Job Description
US Work Authorization Requirement:
Candidates must be legally authorized to work in the United States without employer sponsorship. This includes, but is not limited to, U.S. Citizens, Permanent Residents, and other individuals with valid U.S. work authorization.
Job Description:
We are seeking a highly experienced Site Reliability Engineer (SRE) with a strong Java development background to lead reliability initiatives and ensure the stability, scalability, and performance of mission-critical systems.
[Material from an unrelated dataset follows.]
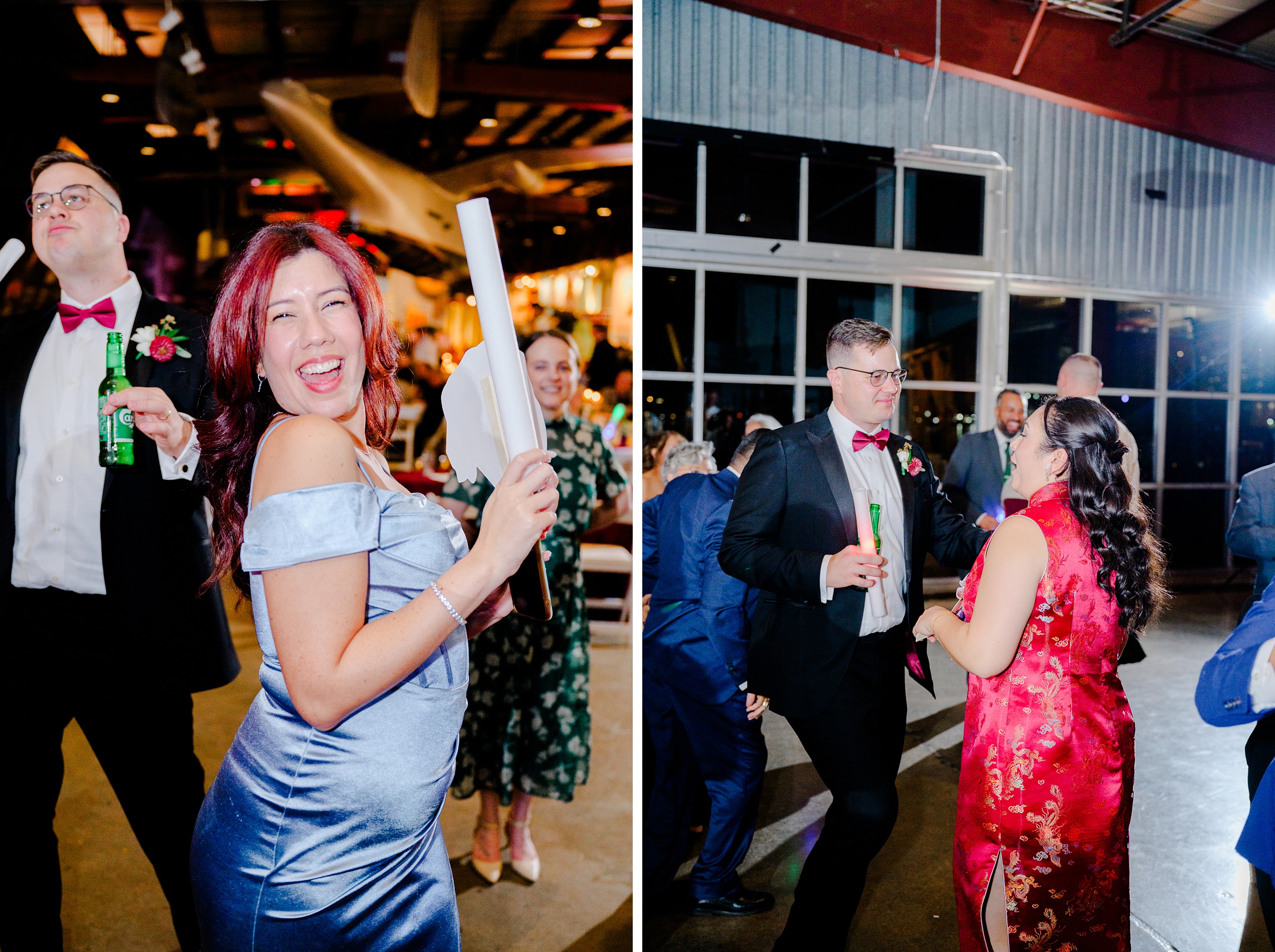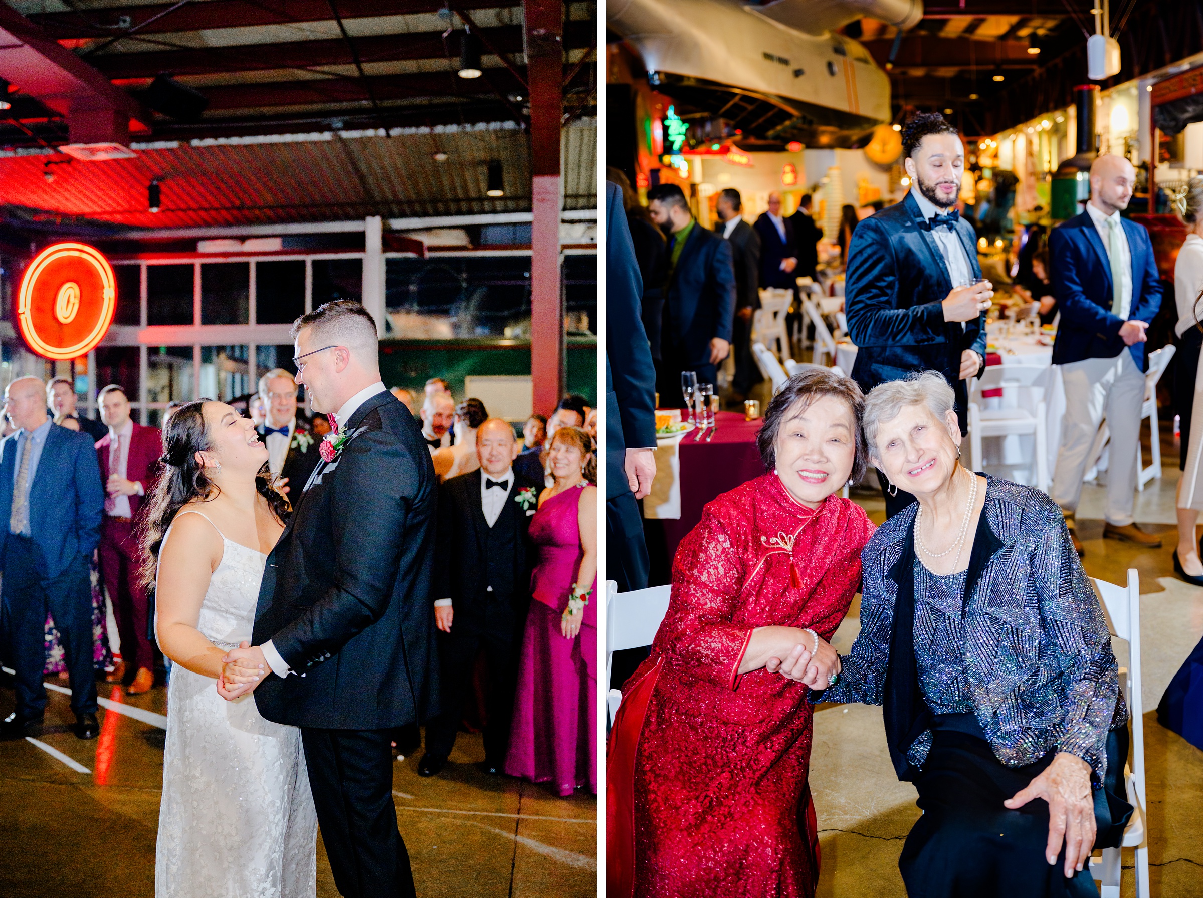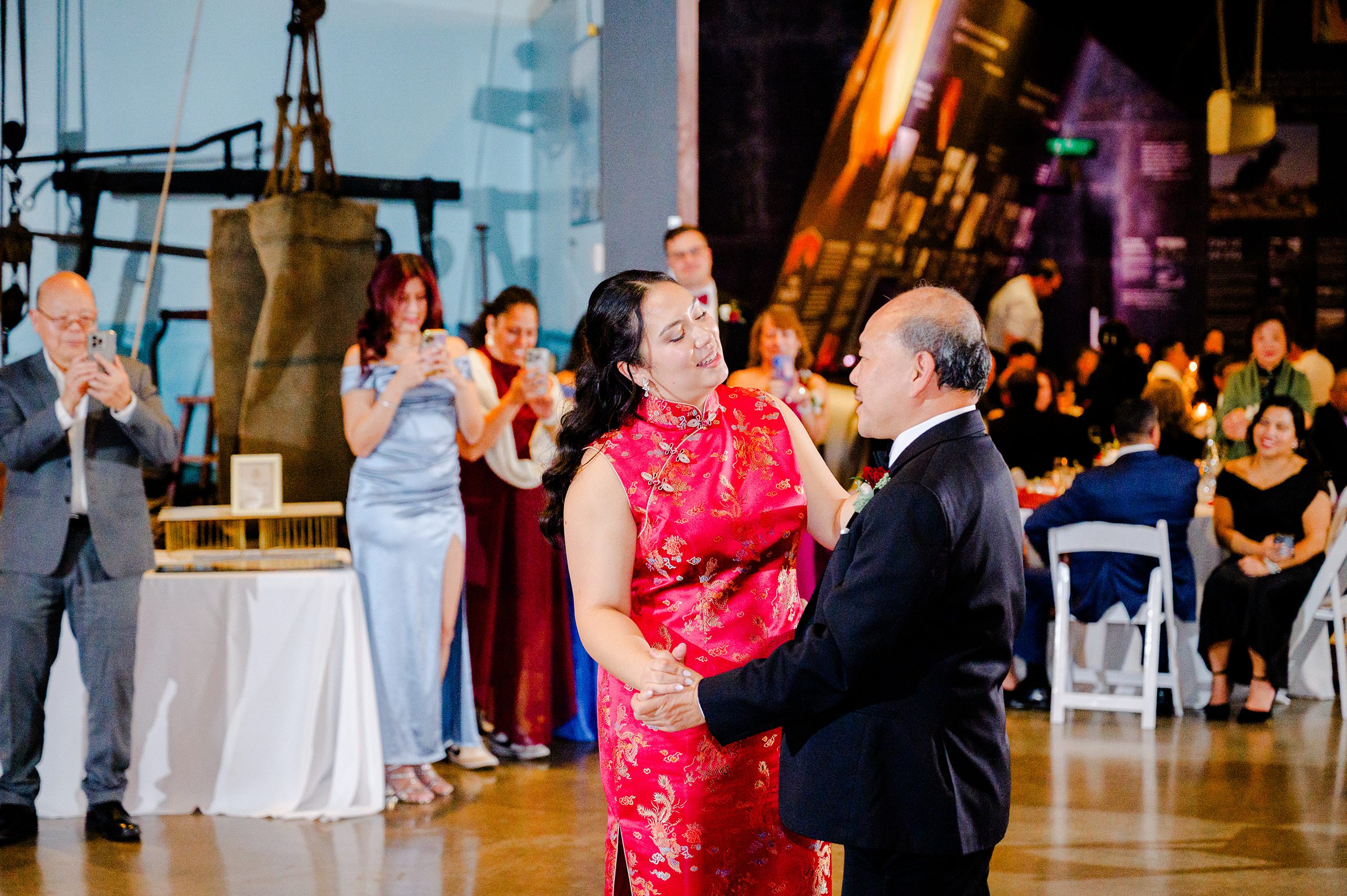 Heartfelt toasts and a delicious dinner followed… and then the real party started. Melissa changed into a stunning red bridal qipao — the most beautiful nod to her heritage — and the dance floor came alive. I’m not exaggerating when I say the energy was unreal. Their friends and family showed up ready to celebrate, and it was the perfect cherry on top of an already unforgettable Baltimore Museum of Industry wedding.

This role blends deep hands-on engineering with leadership, ownership, and a proactive approach to reliability and operations.
The ideal candidate is someone who has evolved from a strong developer into an SRE/DevOps leader, understands production systems deeply, and can partner effectively with development, platform, and operations teams.
Key Responsibilities:
- Design, build, and maintain highly reliable, scalable, and fault-tolerant systems in production environments.
- Embed reliability best practices (SLOs, SLIs, error budgets) into the software development lifecycle.
- Work closely with development teams on Java Spring Boot microservices to improve operability and resilience.
- Automate operational workflows to reduce manual effort and improve system efficiency.
- Monitor system health, performance, and availability; proactively identify risks and bottlenecks.
- Lead incident management, on-call support, and root cause analysis for production issues.
- Drive continuous improvement initiatives focused on availability, scalability, and performance.
- Support and oversee release and deployment activities, including after-hours support when required.
- Champion best practices around CI/CD, infrastructure as code, and cloud-native operations.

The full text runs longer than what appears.